Process and apparatus for co-conversion of waste plastics in Delayed Coker unit
Abstract
The present invention relates to a process for converting the waste plastic along with the petroleum residue feedstock in a Delayed Coker unit employed in refineries. The invented process aims to convert any type of waste plastic including polystyrene, polypropylene, polyethylene etc. including metal additized multilayer plastics along with the petroleum residue material from crude oil refining such as reduced crude oil, vacuum residue etc. Value added light distillate products like motor spirit, LPG, middle distillates etc. are produced upon co-conversion in the invented process and is recovered and treated along with the products of thermal cracking of hydrocarbon residues. The residual metals in the metal additized plastics upon co-conversion in the invented process will be deposited in the solid petroleum coke.
Claims
exact text as granted — not AI-modifiedThe invention claimed is:
1. A process for co-conversion of a waste plastic material along with hydrocarbons into lighter distillate products, the process comprising:
a. sending a fresh hydrocarbon feedstock into a bottom section of a main fractionator column and drawing out a secondary hydrocarbon feed from the main fractionator column after mixing with an internal recycle fraction, wherein the fresh hydrocarbon feedstock is selected from the group consisting of crude oil, vacuum residue, atmospheric residue, deasphalted pitch, shale oil, coal tar, clarified oil, residual oils, heavy waxy distillates, foots oil, slop oil, and a mixture thereof, wherein the secondary feed is heated in a furnace to obtain a hot feed;
b. feeding the hot feed into a bottom section of a delayed coker drum;
c. loading the waste plastic material into a supply vessel, wherein the waste plastic material is aluminum or calcium additized multilayer plastic and is selected from a group consisting of, polypropylene, polyethylene, PET (polyethylene terephthalate), and a combination thereof, wherein the waste plastic material is present in a range of 0.01 to 50 wt % of the fresh hydrocarbon feedstock, wherein the waste plastic supply vessel is located at a higher elevation than the delayed coker drum to enable smooth flow of waste plastics to the delayed coker drum, and wherein the waste plastic material is in granule, powder or crushed chunks form;
d. conveying the waste plastic material from the supply vessel directly to the delayed coker drum bypassing the furnace and then thermally cracking a mixture of the hot feed and the waste plastic material to obtain a combined product vapor and a solid petroleum coke inside the delayed coker drum, wherein the aluminum or the calcium of the waste plastic material is deposited in the solid petroleum coke;
e. routing the combined product vapor to the main fractionator column to obtain a light coker gasoil (LCGO), a heavy coker gasoil (HCGO) and a coke fuel oil (CFO) along with a vapor fraction; and
f. sending the vapor fraction to a gas concentration (GASCON section) and separation section for separating into fuel gas (FG), LPG, and coker naphtha.
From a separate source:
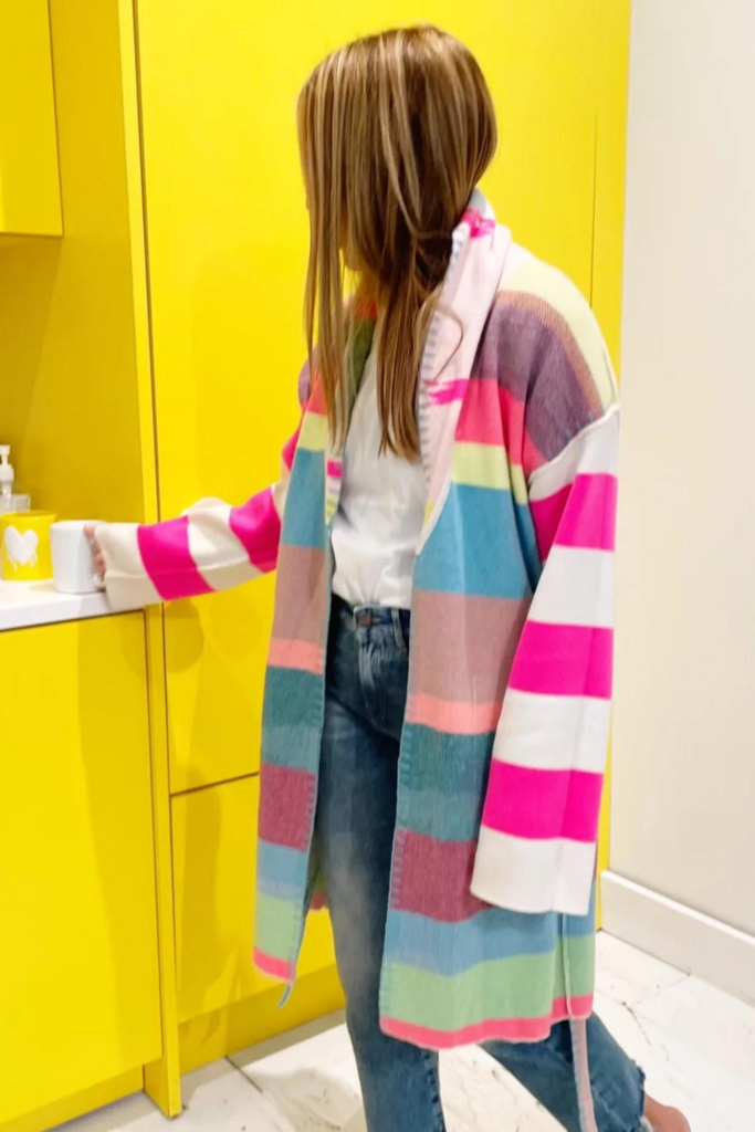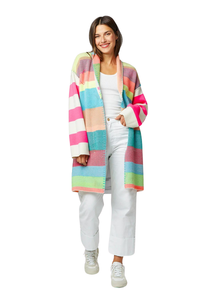 Inspired by her painting, Love And Other Stories, Kerri crafted this stylish cashmere duster, featuring a unique abstract design with striped sleeves. Incredibly comfortable and an ideal fall layer, you can reverse it for a completely different and versatile look.

2. The process as claimed in claim 1 , wherein conveying the waste plastic from the supply vessel to the delayed coker drums is carried out by pneumatic transport, extrusion, melt injection or a combination thereof.
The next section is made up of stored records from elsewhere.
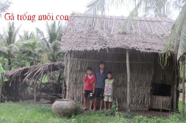 Mr. Nguyen Van Den, age 40, of 22/1 Thanh Hoa A Hamlet, Thanh Phu Village, Thanh Phu, Ben Tre, is living with his 2 sons. His wife ran away leaving him with their 2 sons, the baby was only 8 months old at the time. The older son is now in grade 7 and the younger one in grade 5. He works as constructor helper, making USD 5 per day but this is not a regular job. With this unstable income, it's not enough to feed the 3 on a regular basis. The only valuable thing in the house is their bed. They wish to have a decent house to live in.
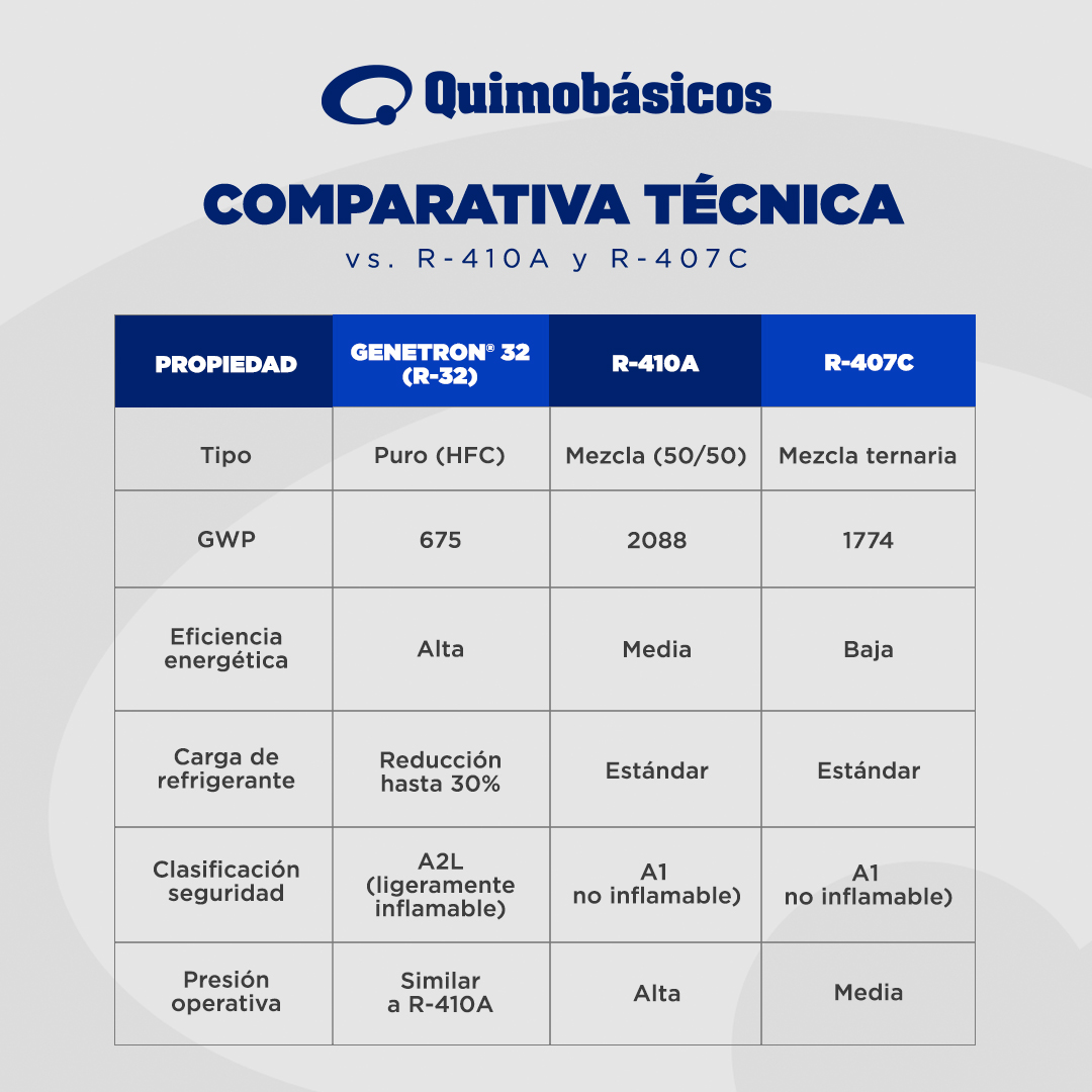 🧠 Genetron® 32 destaca por su eficiencia térmica superior, facilidad de recuperación y compatibilidad con equipos modernos.
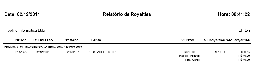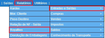 Para acessar este relatório é preciso ir ao Menu “ Relatórios-Notas-Royalties”.

3. The process as claimed in claim 1 , wherein Conradson carbon residue content of the fresh hydrocarbon feedstock is in a range of 3 to 30 wt % and density is in a range of 0.95 to 1.08 g/cc.
4. The process as claimed in claim 1 , wherein the conversion of the waste plastic material into lighter distillate products occurs at a temperature in a range of 470° C. to 520° C. and a pressure in a range of 0.5 to 5 Kg/cm 2 .
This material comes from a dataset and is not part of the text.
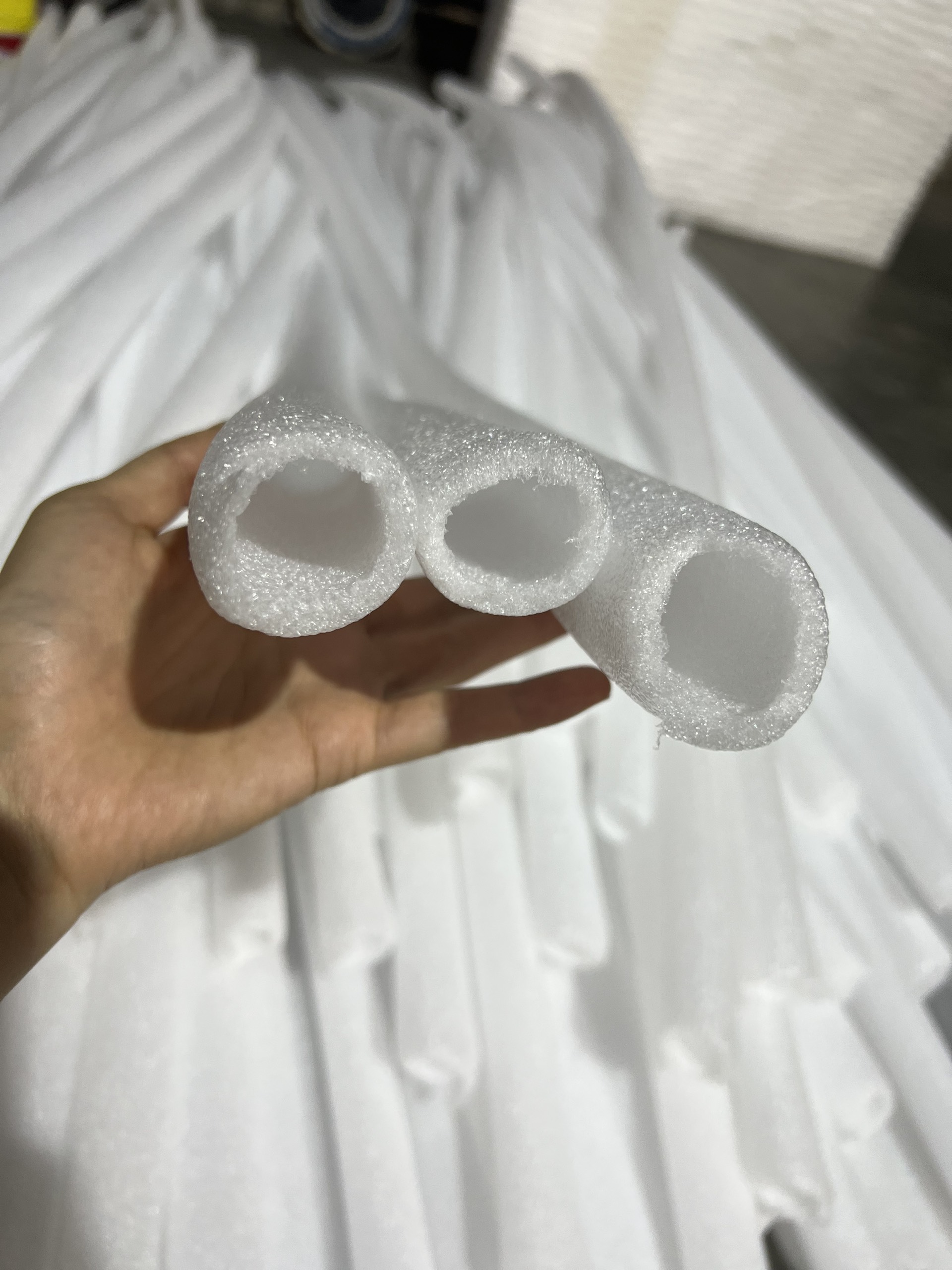 Về chiều dài xốp ống không có kích cỡ cố định. Có ống dài 2m, có ống dài 20cm, 50cm,… Điều này phụ thuộc vào mục đích sử dụng.

5. The process as claimed in claim 1 , wherein the secondary hydrocarbon feed in step (a) is heated at a temperature in a range of 470° C. to 520° C.
6. An apparatus for co-conversion of a waste plastic material along with the hydrocarbons into light distillate products, the apparatus comprising:
(a) a main fractionator column configured to
route a fresh hydrocarbon feedstock with an internal recycle fraction to obtain a secondary feed, wherein the fresh hydrocarbon feedstock is selected from the group consisting of crude oil, vacuum residue, atmospheric residue, deasphalted pitch, shale oil, coal tar, clarified oil, residual oils, heavy waxy distillates, foots oil, slop oil, and a mixture thereof;
(b) a furnace connected to the main fractionator column, wherein the furnace is configured to
heat the secondary feed to obtain a hot feed;
(c) a waste plastic supply vessel configured to
supply the waste plastic material directly to a delayed coker drum bypassing the furnace, wherein the waste plastic material is aluminum, or calcium additized multilayer plastic and is selected from a group consisting of polypropylene, polyethylene, PET (polyethylene terephthalate), and a combination thereof, wherein the waste plastic material is present in a range of 0.01 to 50 wt % of the fresh hydrocarbon feedstock, wherein the waste plastic supply vessel is located at a higher elevation than the delayed coker drum to enable smooth flow of waste plastics to the delayed coker drum, and wherein the waste plastic material is in granule, powder or crushed chunks form;
wherein the delayed coker drum is connected to the furnace and to the waste plastic supply vessel, wherein the delayed coker drum is configured
to receive the hot feed from the furnace;
to receive the waste plastic material from the plastic supply vessel;
to thermally decompose or crack a mixture of the hot feed and the waste plastic material to obtain a combined product vapor and solid petroleum coke inside the delayed coker drum, the aluminum or the calcium of the waste plastic material is deposited in the solid petroleum coke; and
to route the combined product vapor to the main fractionator column to obtain light coker gasoil (LCGO), heavy coker gasoil (HCGO), and coker fuel oil (CFO) along with a vapor fraction;
(d) a gas concentration (GASCON section) and separation section connected to the main fractionator column, wherein the gas concentration and separation section is configured
to separate the vapor fraction into fuel gas (FG), LPG, and coker naphtha.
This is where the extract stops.